PO24 Presentation Time: 7:40 AM

Purpose

To quantify the impact of intraoperative MRI-guidance on implant quality for patients receiving brachytherapy (BT) for cervical cancer by calculating dose to the HR-CTV and OARs at three stages of the implant procedure.

Materials and Methods

Three patients enrolled on an IRB-approved prospective clinical trial were treated with EBRT followed by two fractions of pulsed-dose rate (PDR) brachytherapy. For each patient, one of the two PDR implants was performed in a dedicated MRI-Operating Room (MRI-OR) using 3.0 T MRI-guidance (Discovery MR750w, GE Healthcare, Waukesha, WI). An Advanced Gynecological Applicator (AGA) was used for each of the implants. Straight or straight and oblique needle trajectories were used. 3D T2-weighted MRI scans were acquired at three time points during the procedure: (1) following placement of the intracavitary components of the hybrid applicator (initial); (2) following initial needle selection and advancement (intermediate); and (3) following final modifications of implant position (final). The first scan was used to inform needle selection and estimate the appropriate advancement depth for each needle. The second scan was used to determine if modifications to the implant were necessary, including advancement of additional needles, removal of previously advanced needles, or modification of advancement depth. The final scan was used to generate a clinical plan for patient treatment. The titanium obturators used to advance the needles were replaced with C4 positive-contrast imaging markers (C4 Imaging, Houston, TX) prior to each scan to facilitate needle digitization during treatment planning. Retrospective plans were generated on the initial and intermediate scans for each of the three patients and compared to the final plans used for treatment. AGA solid applicator models were registered to the initial and intermediate MRI scans. Needles present at the time of scanning were manually digitized in the Oncentra Treatment Planning System (Elekta, Stockholm, Sweden). Clinical treatment plans were optimized to meet EMBRACE dose constraints. For a given patient, the initial and intermediate plans were optimized to escalate dose to the HR-CTV without exceeding the clinical doses delivered to the OARs. The dose-limiting structure varied based on the patient's anatomy and implant geometry. For each patient, the HR-CTV D90 and bladder, rectum, and sigmoid D2cc doses were compared between the initial, intermediate, and final plans.

Results

One needle was advanced during the first patient's implant.
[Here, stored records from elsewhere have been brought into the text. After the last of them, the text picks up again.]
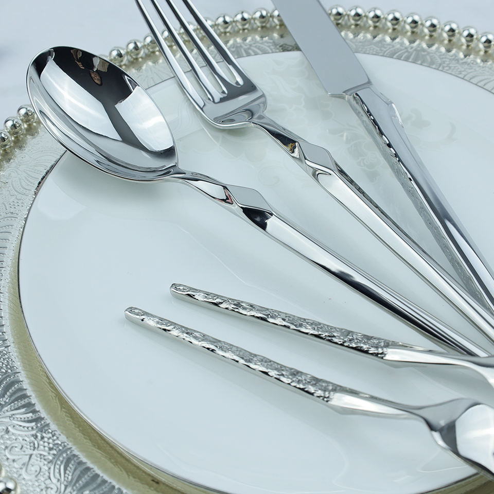 ชุดมีดสเตนเลสสตีลสีเงินชุดของขวัญสำหรับงานแต่งงานเครื่องใช้บนโต๊ะอาหารสุดหรูสินค้าใหม่โลโก้ออกแบบได้ตามต้องการ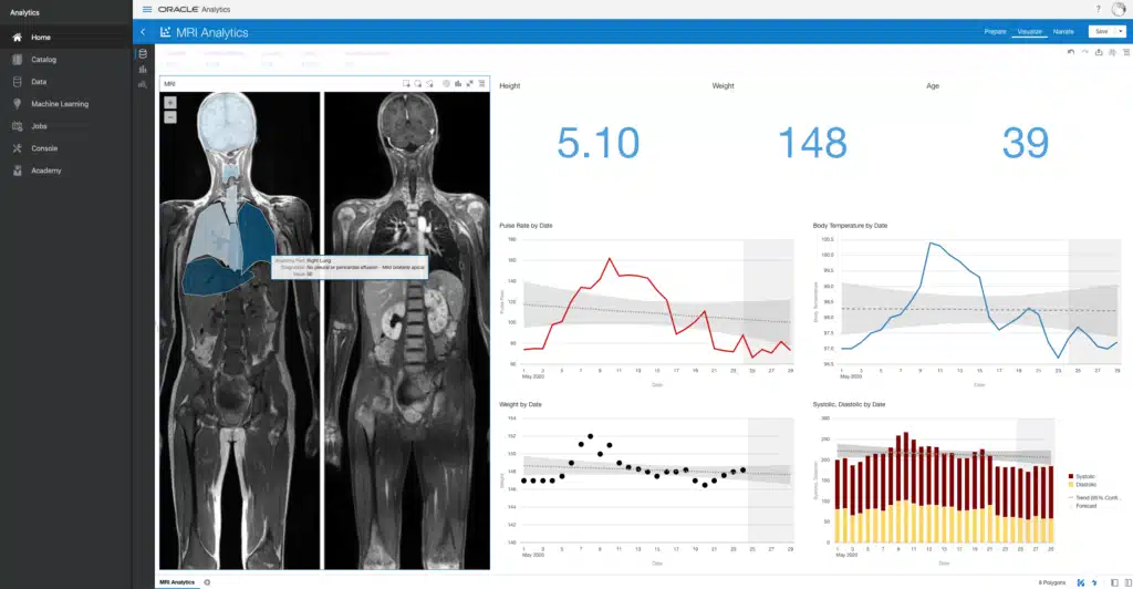 Oracle Analytics is a powerful platform that helps everyone in a business make better decisions using data. It includes tools for creating beautiful visualizations, discovering insights with AI and machine learning, and preparing data quickly without needing coding skills. You can connect to almost any data source, unify information across the company, and explore patterns and predictions using interactive dashboards. Oracle Analytics works on the cloud, on-premises, or a mix of both, and offers strong security and governance to ensure data is safe and consistent. With its easy-to-use tools, even non-technical users can uncover trends, while advanced features support developers and data scientists.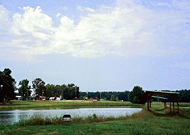 So lets say you invest $15,000 and build one five acre pond. That's not your only expense, of course. Your five acre pond will consume upwards of $20,000 in fish food and medicine a year. So you're in the hole upwards of $35,000 before you make your first crop. That doesn't include the cost of the stocking fry. And if you were thinking of making a living at this, you might multiply your initial debt by a factor of ten or even twenty. Oh yeah, says Mr. Haney, if you think some water might look nice in that pond you're going to have to spring for a new well. Otherwise an August drought might leave you with several tons of sun dried catfish. What about machinery? You can't just dump a bag of feed into a pile at the shoreline and figure the catfish are going to file past cafeteria style. The competition will result in some big fish and some runts. No, you have to buy a machine that launches fish pellets like snow from a blower all across the pond so all your livestock get to eat and grow to the uniform size that the restaurants prefer. There are countless extra startup expenses like that.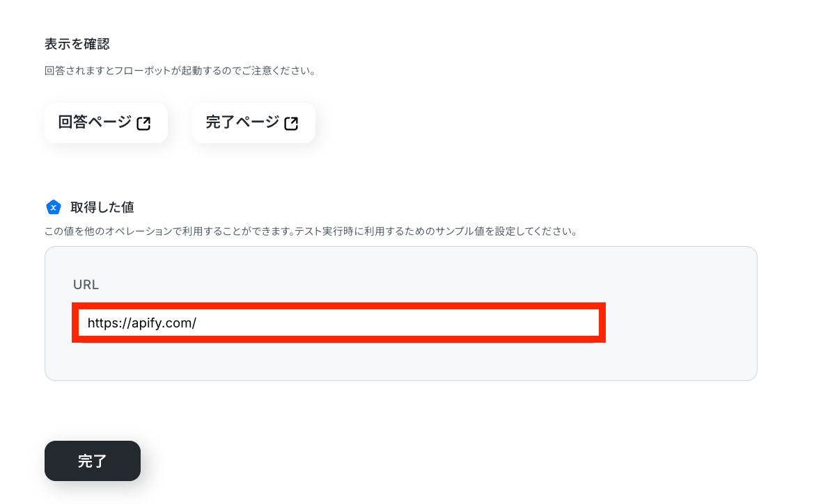 次に入力フォームの「回答のサンプル」を設定します。 全ての設定が完了したら「完了」をクリックしてください。 (今回はApifyの公式サイトのURLを活用しました!)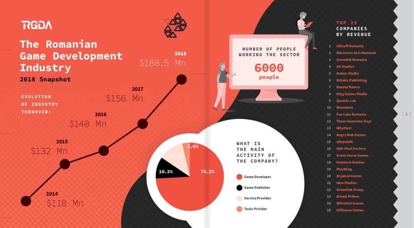 Cifra de afaceri a industriei dezvoltatoare de jocuri video locale a ajuns în 2018 la 188,5 milioane de dolari, înregistrând o creștere de 19,2% față de 2017. Datele sunt preluate din The State of the Romanian Game Developers Industry, un raport al industriei realizat de RGDA (Asociația dezvoltatorilor de jocuri video din România).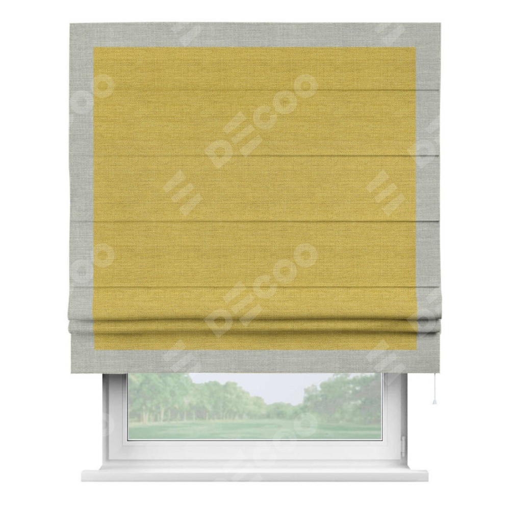 Римская штора «Кортин» с кантом Чесс, для проема, ткань лён светло-салатовый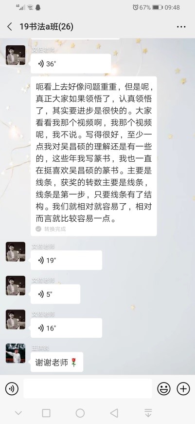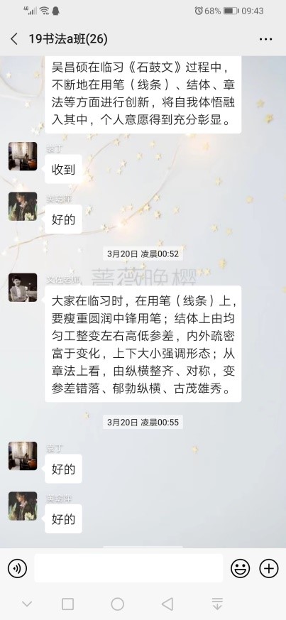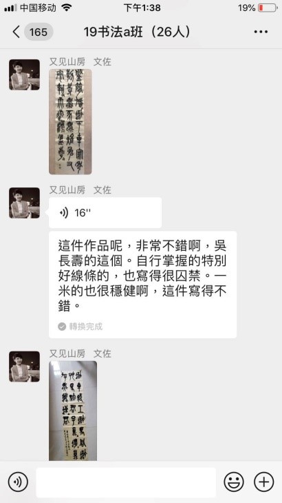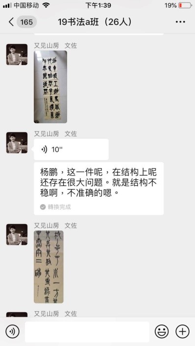 鉴于微信平台易于操作与交流,文老师要求员工及时提交课程作业,并随时进行详尽的点评。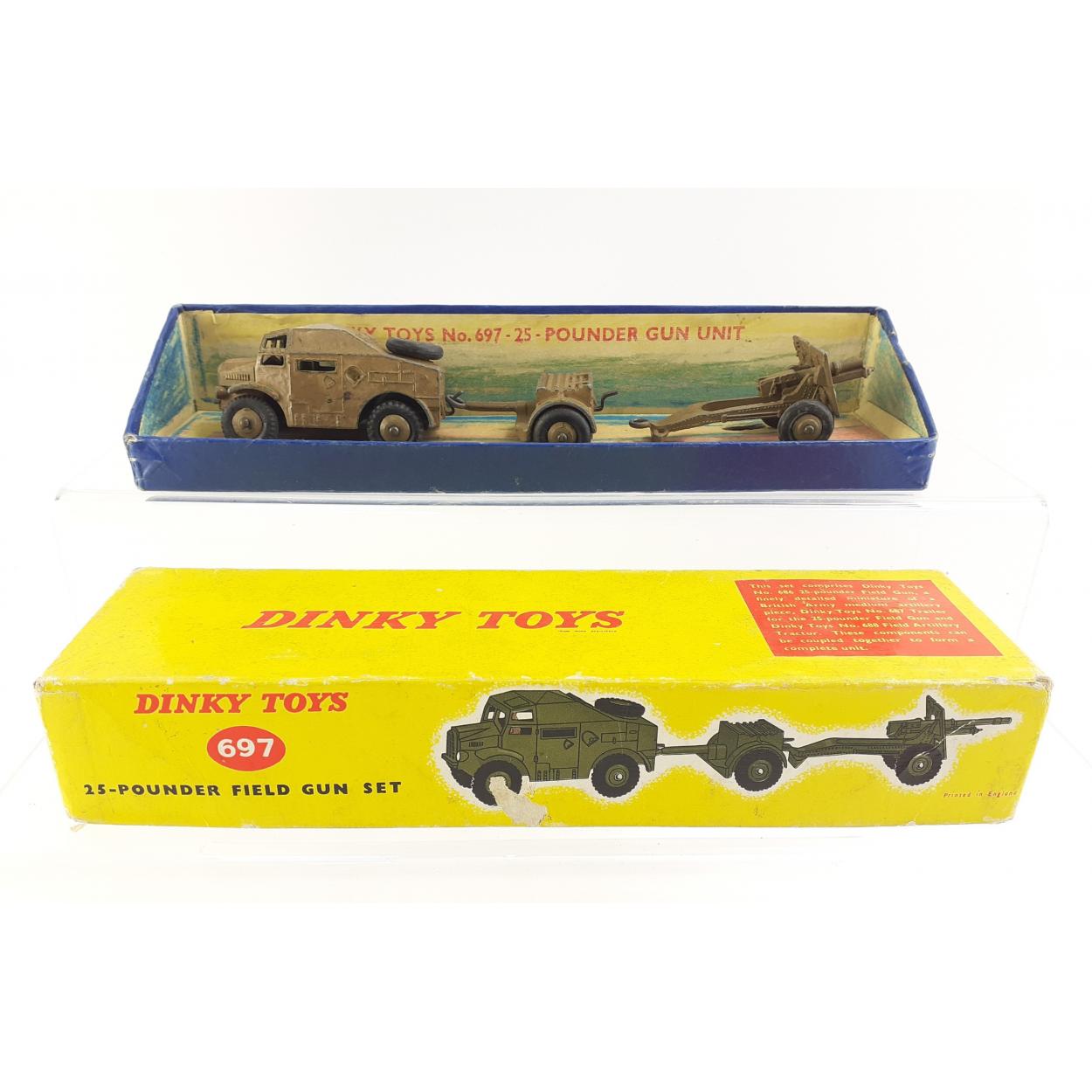 DINKY 697 25 Pounder Field gun set in original box. Note model has been refinished in a desert colour scheme. Still a good piece.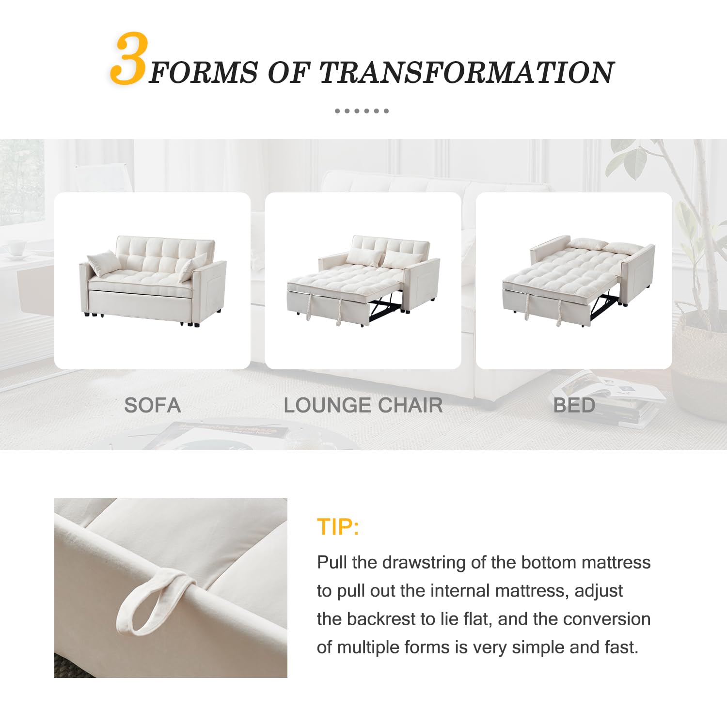 FENFSHE Futon Sofa Bed, Modern Velvet 3 in 1 Convertible Sleeper Sofa Couch Bed, Pullout Couch Bed with Adjustable Backrest, Storage Pockets and Toss Pillows for Living Room, Bedroom (Beige)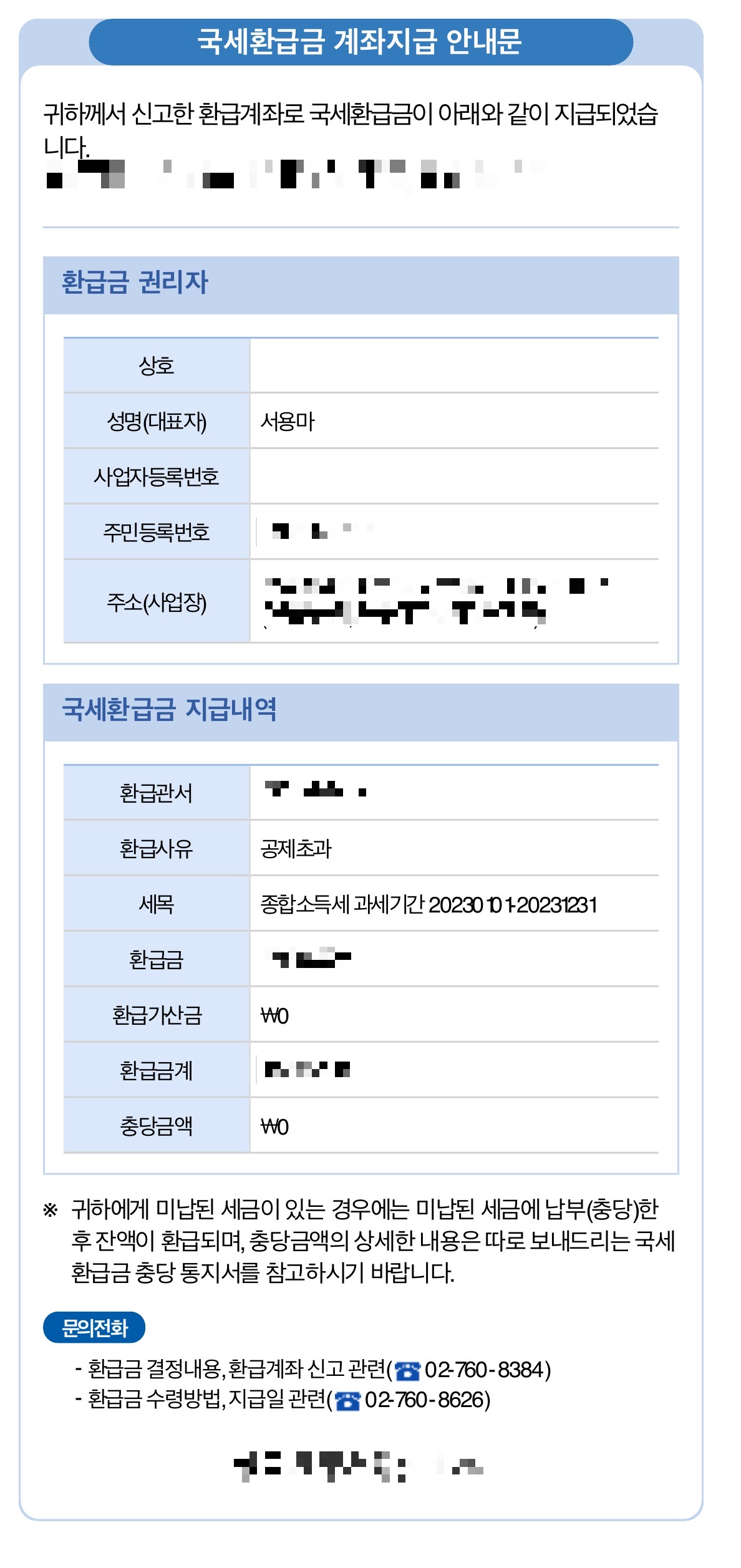 5월에 신고했던 종합소득세에서 국세환급금이 입금되었습니다. 6월말이나 7월 초에 입금될 줄 알았는데 생각보다 빨리 들어왔네요. 이제 10% 정도에 해당하는 지방세만 환급받으면 됩니다. 올해는 사실 뱉을 줄 알았는데 받아서 좋았습니다. (?) 5월에 종합소득세 계산해 보고 바로 DJI 포켓 3도 질렀답니다. 그거 카드값 갚아야겠어요. ㅎㅎ

Activity was loaded into the tandem, ovoids, needle, and vaginal caps. The dose to the HR-CTV increased by 4.6 Gy between the initial and intermediate plans and 3.0 Gy between the intermediate and final plan used for treatment. The final dose to the HR-CTV was 10.2% greater than the initial HR-CTV dose. Five needles were advanced for the second patient. The dose to the HR-CTV increased by 3.8 Gy between the initial and intermediate implants and 0.96 Gy between the intermediate and final plan used for treatment. The final dose to the HR-CTV was 5.8% greater than the initial HR-CTV dose. Eight needles were advanced for the third patient. Dose to the HR-CTV increased by 8.3 Gy between the initial and intermediate implants and 5.7 Gy between the intermediate and final plans. The final dose to the HR-CTV was 19.7% greater than the initial HR-CTV dose. None of the OAR doses in the initial or intermediate plans exceeded the OAR doses delivered clinically.

Conclusions

Performing interstitial implants using an AGA under MRI-guidance improves implant quality, defined by dose escalation to the HR-CTV and maintenance of OAR doses.